In 1950 Arab Christians made up 86 per cent of the population, but now they form less than 10 per cent, yet to preserve the city’s historical Christian character, a special local statute requires the mayor and municipal councillors to be Christians.

Meanwhile the Christian community of Bethlehem continues to shrink at an alarming rate. Economic hardship, lack of opportunity, and the suffocating effects of restrictions have pushed many young Christian families to emigrate abroad in search of stability. The churches of Bethlehem, especially the Catholic and Orthodox parishes, speak with sorrow about the “slow bleeding” of the community.

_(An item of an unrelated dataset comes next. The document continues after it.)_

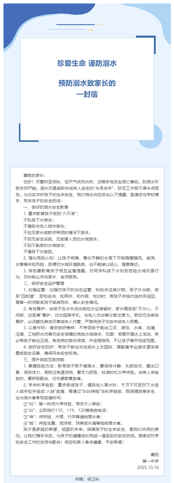 珍爱生命 谨防溺水——预防溺水致家长的一封信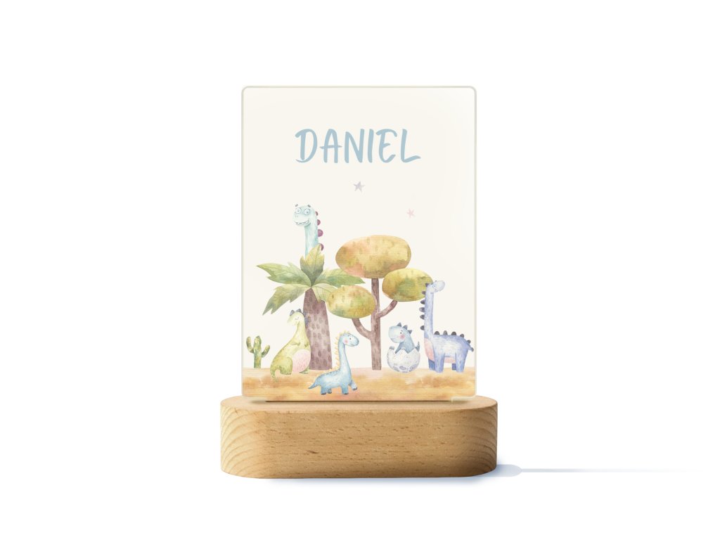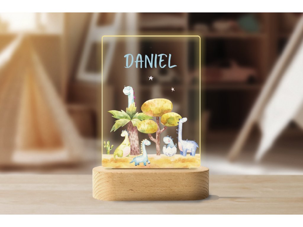 Akrylová LED lampa s farebným motívom dinosaurov je originálny doplnok do detskej izby. Veselý motív a tlačené meno rozžiaria nielen detské oči, ale aj krásne doladia interiér.

As younger generations leave, the population left behind grows older, more fragile and more dependent on charity

Yet there is an extraordinary resilience among those who remain. They speak of their presence in Bethlehem not merely as residence but as vocation. As one local parishioner put it: “We are the descendants of the first believers. If we leave, who will keep the light burning at the place where Jesus was born?”

Despite economic devastation, restricted movement, and isolation, faith endures in Bethlehem.

So as Bethlehem steps cautiously back towards a festive season, the need remains immense, especially as the present ceasefire in Gaza (violated by Israel in its drive towards ethnic cleansing) approaches the second phase, and President Trump’s imperialist “peace plan” amounts to an open-ended foreign military occupation.

This Christmas, we are called not only to remember Bethlehem but to stand with Bethlehem: with its families, its elderly, its sick, its struggling young people, and especially with those who suffer in silence. We are called to stand in solidarity with all Palestinians in their struggle for liberation and an end to Israeli occupation.

One Bethlehem priest expressed the paradox of this holy season with painful clarity: “The Prince of Peace was born here, but peace has not been born here yet. This Christmas, the dove of peace still needs to wear a bulletproof vest.”